══ SOURCE INFORMATION
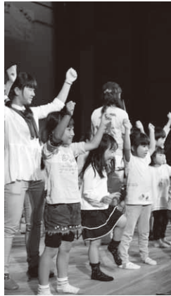
来場者も一緒に楽しみました

今年で22年目を迎えた秋の夕べコンサート。午後6時に開演すると、会場となった公民館多目的ホールには、たくさ
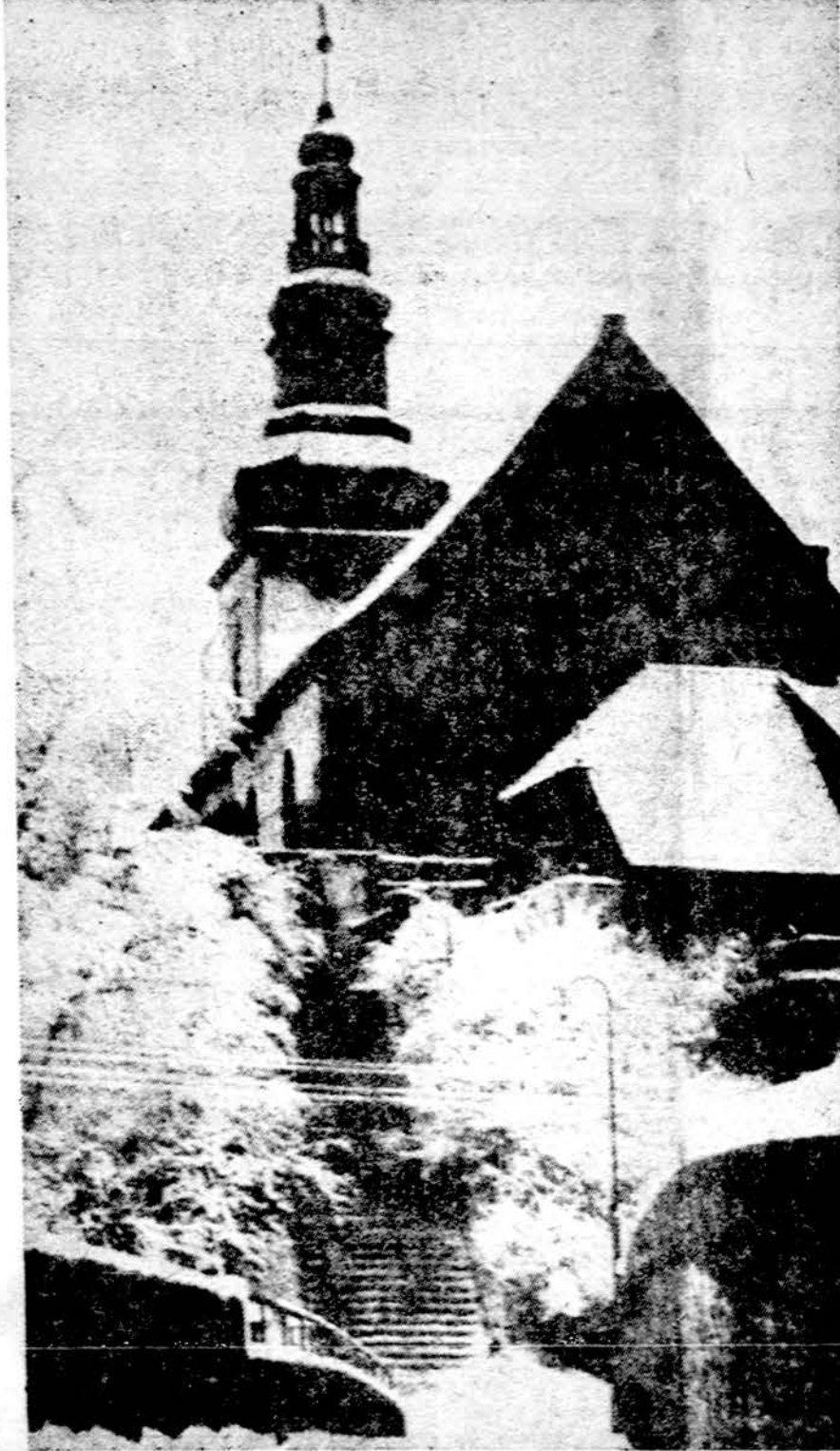
Darkiemis Mažojoje Lietuvoje, Donelaičio gyventoji apylinkė

TUNIZAS. — Tunizijos Suso provincijoje rastas nepaprastas lobis, daugiau nei 41 tūkstantis įvairių varinių monetų, išgulusių žemėje 17 šimtų metų. (E.)
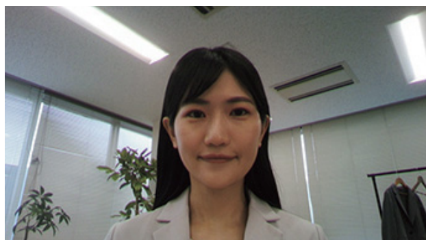
一般的なノートPC内蔵カメラ

EV3450XCは、モニターに搭載されたWebカメラも活用しています。ノートPCと接続するだけで、Webカメラがモニターの上部ベゼルに内蔵されており、正面からの映像を自然に映し出せるので、快適なWeb会議環境が整いました。特別な操作や新たにカメラを用意する必要もないですし、目立たないようにカメラが内蔵されていてスタイリッシュです。
════
◆ YOUR INSTRUCTIONS
If pictures appear in the data, do not print them; repeat the rest exactly.

◆ WRITTEN SOLUTION
来場者も一緒に楽しみました

今年で22年目を迎えた秋の夕べコンサート。午後6時に開演すると、会場となった公民館多目的ホールには、たくさ
Darkiemis Mažojoje Lietuvoje, Donelaičio gyventoji apylinkė

TUNIZAS. — Tunizijos Suso provincijoje rastas nepaprastas lobis, daugiau nei 41 tūkstantis įvairių varinių monetų, išgulusių žemėje 17 šimtų metų. (E.)
一般的なノートPC内蔵カメラ

EV3450XCは、モニターに搭載されたWebカメラも活用しています。ノートPCと接続するだけで、Webカメラがモニターの上部ベゼルに内蔵されており、正面からの映像を自然に映し出せるので、快適なWeb会議環境が整いました。特別な操作や新たにカメラを用意する必要もないですし、目立たないようにカメラが内蔵されていてスタイリッシュです。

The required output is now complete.